I wait for a while but Catlin doesn’t answer. In the meantime, everyone’s running around like crazy, and it’s funny to think that rush hour exists in a town the size of a peanut as well as at home. I sit as still as humanly possible, making myself invisible so I can watch what’s going on without being seen. It works. No one looks.
The only thing worth watching is a man who backs his 4x4 much too fast into a parking spot and smashes the car behind him by mistake. He shouts at his kid, who’s maybe sixteen, for distracting him, and the kid gets out of the car, slams the door and storms off while the guy gets down on his knees to examine the dent in the other car.
Catlin texts back.
Me too. It rains.
Attached is what I think might be a photo of a puddle. It’s hard to tell.
I tear myself away from the local five-star entertainment to meet Suzanne at the car. Gabriel stares at me intently and when I smile at him his entire face lights up.
We drive back to the house without saying much. Suzanne talks to Gabriel, who’s grizzling in the backseat. Who’s Mommy’s tired boy, she says, and then glances over at me like we’re in a conspiracy. Being with her makes me tired. Then I remember Owen and feel ashamed.
Dinner is risotto with peas and Parmesan cheese. It tastes nice but halfway through the meal I excuse myself to lie on the sofa. Honey is beside me on the floor. I close my eyes and rest one hand on her back, feeling the rise and fall of her slow breathing. Gil covers me with a blanket. He thinks I’m asleep.
So, he says in a low voice, sitting back down at the table. What are we going to do?
Suzanne doesn’t answer right away. Eventually she says, I can’t leave. Surely you can see that. I can’t leave Gabriel and my students and . . . everything.
I hear Gil sigh. Suzanne, tell me please. There must be more.
There is a silence. I can almost hear the fizzing of Suzanne’s nerves.
Tell me, he says.
She begins to speak, quietly, so I have to strain to hear. I don’t know, she says. He says he’s fine but he’s not. He blames himself for Owen. Her laugh is bitter. I blame him too. I hoped Gabriel might make it better, but surprise, surprise, it’s worse. So it’s true what everyone says about save-the-marriage babies. Who’d have guessed?
Gil says my name. He was not born yesterday. I make a noise like a sleeping person, a kind of grumbly sigh. It works. I was not born yesterday either.
And?
Who the hell knows? He doesn’t speak much, your friend.
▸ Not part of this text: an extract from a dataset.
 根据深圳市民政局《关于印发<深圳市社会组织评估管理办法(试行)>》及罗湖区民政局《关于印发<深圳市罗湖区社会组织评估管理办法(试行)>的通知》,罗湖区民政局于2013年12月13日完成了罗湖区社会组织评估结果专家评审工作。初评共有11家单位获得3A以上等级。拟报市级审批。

My father doesn’t speak much either. He uses words sparingly, as if they’re rationed. It’s what comes, I think, of knowing so many words in so many languages. Too much choice.
You knew that when you married him. Gil speaks gently, without reproach.
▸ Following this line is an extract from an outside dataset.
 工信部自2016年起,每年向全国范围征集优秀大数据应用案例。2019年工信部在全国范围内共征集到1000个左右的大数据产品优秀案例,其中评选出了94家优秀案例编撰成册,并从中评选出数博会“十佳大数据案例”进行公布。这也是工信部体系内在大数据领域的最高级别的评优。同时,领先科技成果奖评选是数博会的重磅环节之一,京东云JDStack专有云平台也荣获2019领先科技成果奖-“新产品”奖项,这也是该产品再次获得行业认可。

Yes, of course. But knowing it, and then living for sixteen years with a man who doesn’t speak . . . it’s different, surely?
There is an edge to her voice, like a knife. For the first time I realize how much older Matthew must be than Suzanne. If Matthew is Gil’s age, he’s nearing sixty. And if Suzanne’s just had a baby, can she be much more than forty?
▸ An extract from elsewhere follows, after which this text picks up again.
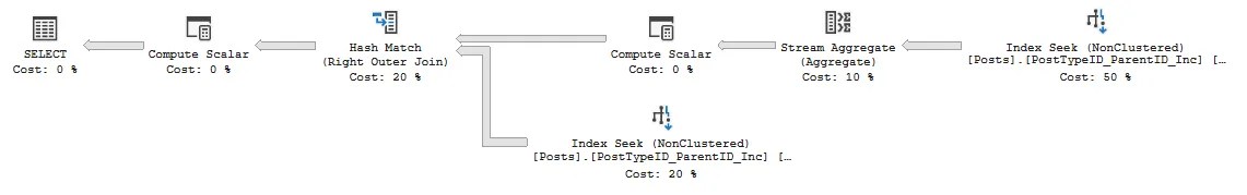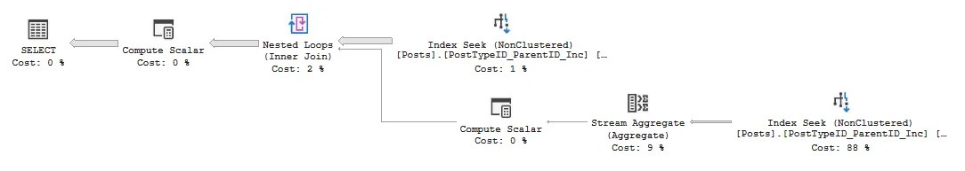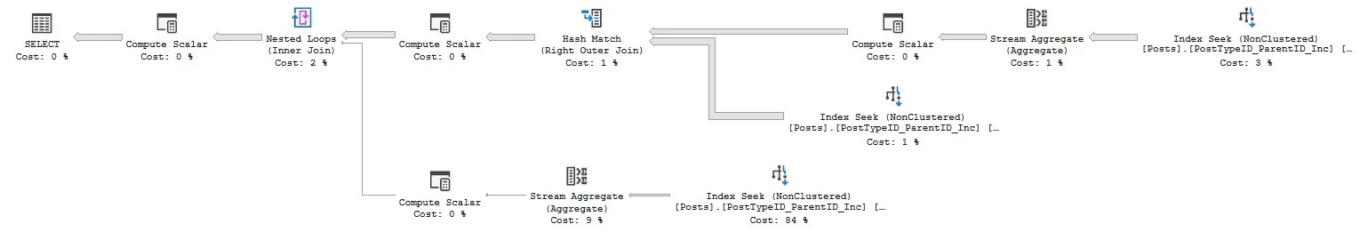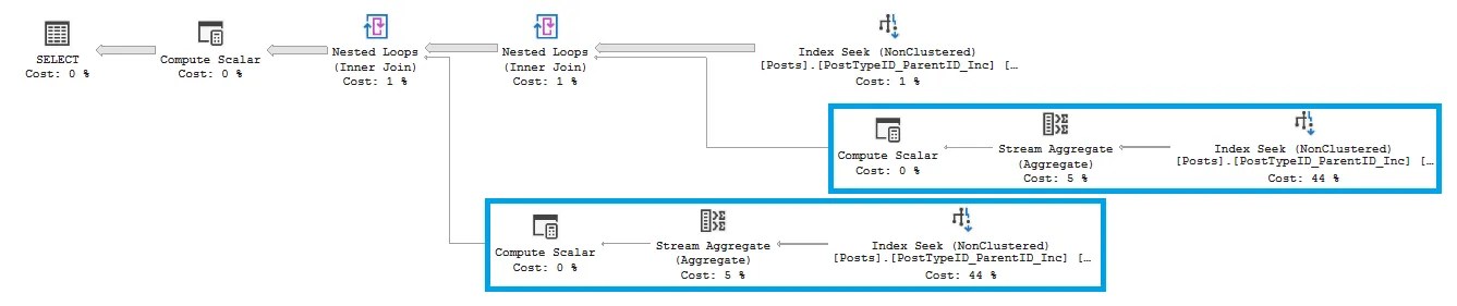 In our example it’s not dangerous as we know that AnswerCount will always be populated, so this doesn’t impact the reads. However, if we remove the AnswerCount and need to evaluate the subquery (twice):

Marieka always says fondly that she has to read Gil’s mind. I’ve become very good at it, says she. And then she kisses him on the back of the neck if he is bent over his work, and he reaches up one hand and buries his fingers in her thick hair and she turns her head and kisses his wrist. There is something in this gesture that makes me feel completely safe. Despite the fact that the scene does not include me, it does not exclude me either.
I feel a sudden rush of pity for Gabriel with his glass mother, his glass house, his radiant baby smile.
Take the car, please, Suzanne is saying. I don’t need it. I have a friend nearby; she can take me to college.
She? I think. Whoever visits isn’t a she.
I close my eyes once more and when I open them again I realize that time has passed and the conversation has moved on.
What have I missed?
It’s late, Gil says. Good night, Suzanne.
I don’t have to pretend to be woozy now. I lean on Gil till we get to my room and he folds back the covers of my bed. That’s all I remember.